Я вроде как хочу встретиться с Миком в «Отравленном гуляше». Вернее, могла бы. Я могла бы просто пойти за ним следом и окликнуть:
— Неплохо порезвились, красавчик. А теперь давай съедим по штруделю, а потом поцелуемся. Как только я сбегаю до туалета.
Но я еще не окончательно его заворожила. У меня есть еще скаппы, которые необходимо потратить до наступления того самого разговора. Я очень надеюсь, что этот разговор окажется тоненьким слоем между, частью с ошеломлением и частью, где будут поцелуи, подобно глазури между слоями торта.
(Ммм. Тортик.)
Не то чтобы мне не хотелось поговорить с ним. Очень — короче, в придуманной версии сегодняшнего вечера, в которой мне вообще-то удается составить из слов предложения, и не просто какие-то разрозненные, случайные, притягательные, поэтические строфы, а предложения, которые не приводят к логическому выводу, что у меня повреждение мозга. Просто... я не могу сразу кинуться объяснять ему, почему такая срочность с поцелуями. После долгих размышлений, я пришла к выводу, что наиболее вероятное объяснение состоит в том, что я клон, запрограммированный на немедленное выполнение этого действия, или же моментально самоуничтожусь.
Или есть еще одно: бархатистая няшность Мика. Он, словно кексик, только в обличье парня.
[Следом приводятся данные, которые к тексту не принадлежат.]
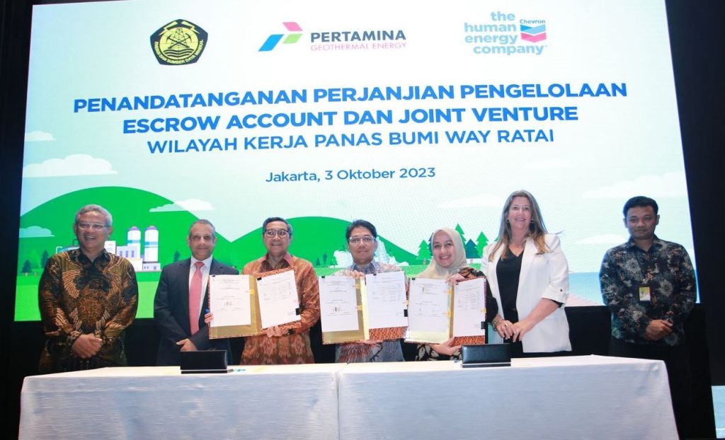 Jakarta, – Menyusul penetapan pemenang lelang wilayah kerja panas bumi (WKP) di daerah Way Ratai, Lampung, konsorsium Chevron New Energies melalui PT Jasa Daya Chevron (Chevron) dan PT Pertamina Geothermal Energy Tbk (PGE) menandatangani beberapa perjanjian, Selasa (3/10).

Я пошла вперед, остановившись, чтобы выглянуть из-за угла, и убедиться, что он точно ушел. Я продолжаю двигаться к Мала Стране, останавливаясь у кафе по дороге, чтобы облегчить более актуальные из моих физический потребностей (ни губы, ни желудок, нет; это ничто, по сравнению с требованиями мочевого пузыря), а потом продолжаю идти, торопясь, но осторожничая, всматриваясь вперед, и убеждаясь, что меня еще не застукали за преследованием. Я не вижу никаких признаков Мика, хотя и тешу себя мыслями вроде, не эта ли цепочка следов, на занесенном снегом Карловом мосту, принадлежит ему.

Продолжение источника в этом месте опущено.